机の上に置いておける刃物。
その実物を見ることができました。神戸市の竹中大工道具館にある、千代鶴是秀の切出小刀です。「矢笛」と銘がありました。明治から昭和にかけ、鑿(のみ)や鉋(かんな)などの大工道具を作っていた鍛冶職人の逸品です。
見る人が見れば、鋼の肌のキメや鍛え方、刃の出し方や地紋から、不世出の職人の技と思いを読み取るでしょう。そこまでの目がないぼくは、ただ怜悧な鋼の光沢に見入るだけです。でも伝説を聞きかじっているから、この光沢にはやわらかさがあるのではないか、道具というよりは作品だろう、などと思いをめぐらせてみる。

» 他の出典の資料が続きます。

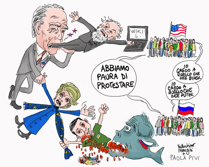 Il disegno digitale di Paola Pivi e Valentino Menghi e quello di Diego Perrone: l'occupazione dell'Ucraina e la strategia di Putin visti con gli occhi dell'arte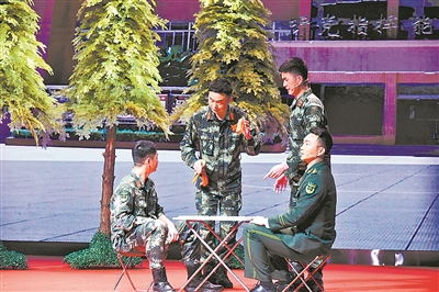 這種場景設(shè)置,體現(xiàn)了該劇成功之處:靠細(xì)節(jié)和人物打動人、感染人。《花開戎杉》里,成熟穩(wěn)重的指導(dǎo)員趙軍、調(diào)皮的新兵杜子騰、愛隊如家的新兵唐曉東等一個個真實豐滿的人物,就像是官兵身邊戰(zhàn)友的“素描”,生動形象,使真實生活與舞臺藝術(shù)交相輝映。這樣的效果得益于話劇故事背后一個先進(jìn)集體多年來的豐富實踐。

大工道具鍛冶である千代鶴是秀がなぜ、大工道具としては脇役の切出小刀を200本あまりも作ったのか。またそれが特別に展示されるのか。いきさつは是秀の研究家である土田昇さんの著書『職人の近代 道具鍛冶千代鶴是秀の変容』(みすず書房)に詳しい。同書によれば、ひとつのきっかけはアイヌ文化でした。

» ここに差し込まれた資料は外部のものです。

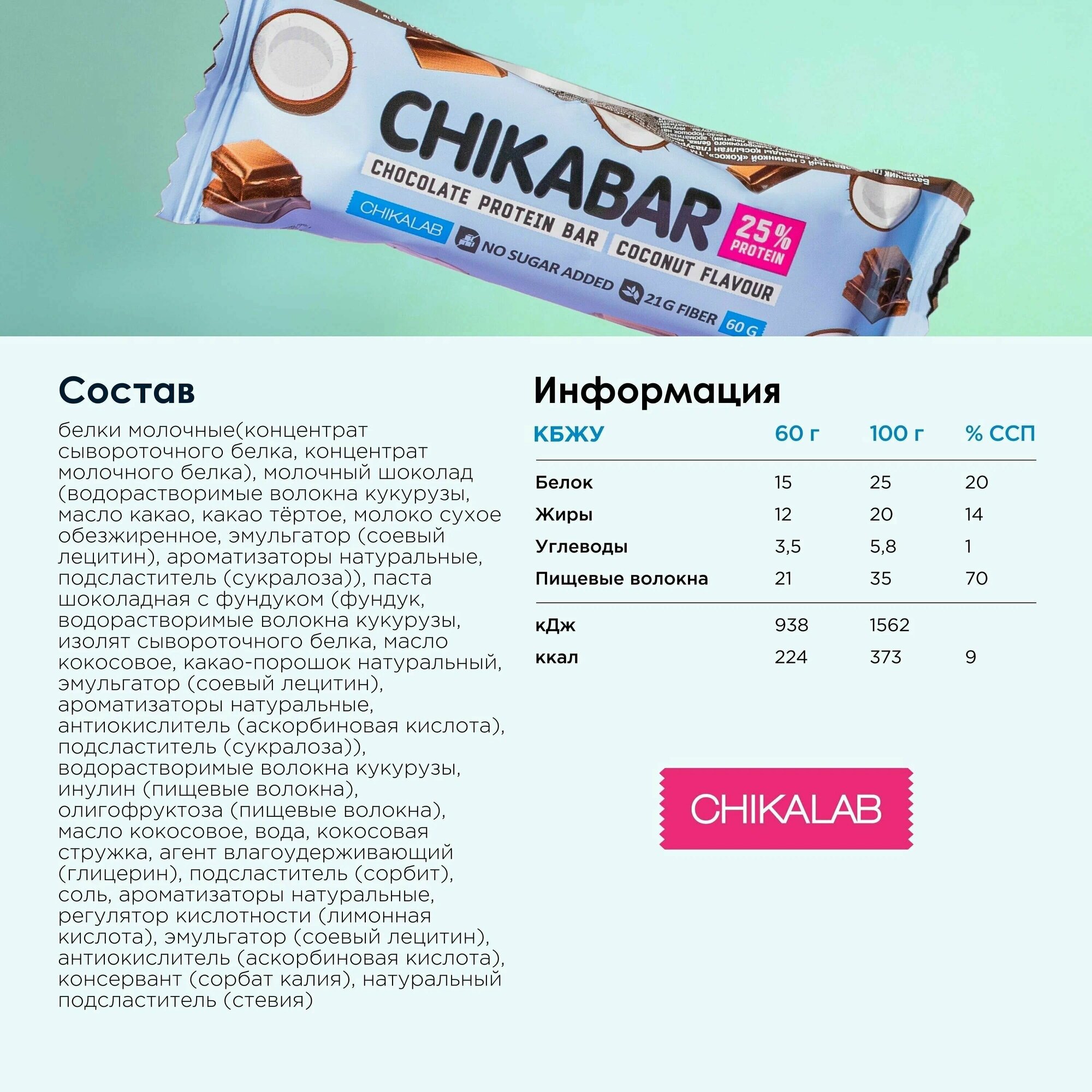 Протеиновый батончик Chikalab Chikabar 20 шт x 60 г, Кокос

是秀はあるとき、上野の博物館でアイヌのペーパーナイフのようなものを目にする。それは素朴で、「まったく刃物としての鋭さ、危なさを感じさせない」ものだった。
鉄であんなものができたら。
「机の上に置いておいても刃物としての危なさを感じさせず、おかしくない切出を目指してみればどうか」
そこから切出小刀を作るようになったと、のちに知人に語っています。
刃物としての危なさを感じさせない刃物。
そこには、消えてゆく道具と、残ってゆく作品のちがいが重なります。
鍛冶職人が大工のために作る鑿や鉋は、どんな名品もしょせんは道具、日々使われて消耗します。役割を終えれば消えてゆく。
消えることのない、ただの道具以上の何かを、“本業”である鑿や鉋のあいまに是秀は作りたかったのではないか。手にした人が、使うよりは机の上に置いておきたいと思うようなもの。「驚くべき完成度」で、「是秀以前の刀鍛冶、道具鍛冶が踏み込みえなかった域」(土田昇)に達している作品。そういうものを、是秀はつくりつづけました。
竹中大工道具館には、是秀だけでなく多くの鍛冶職人の大工道具や、唐招提寺の修復工事の模型などが並んでいます。新幹線の新神戸から歩いて5分もかからないところに、こんな別世界があるとは知りませんでした。
鍛冶や棟梁たちの博物館。
頂点をきわめた職人たちの生き方が残されています。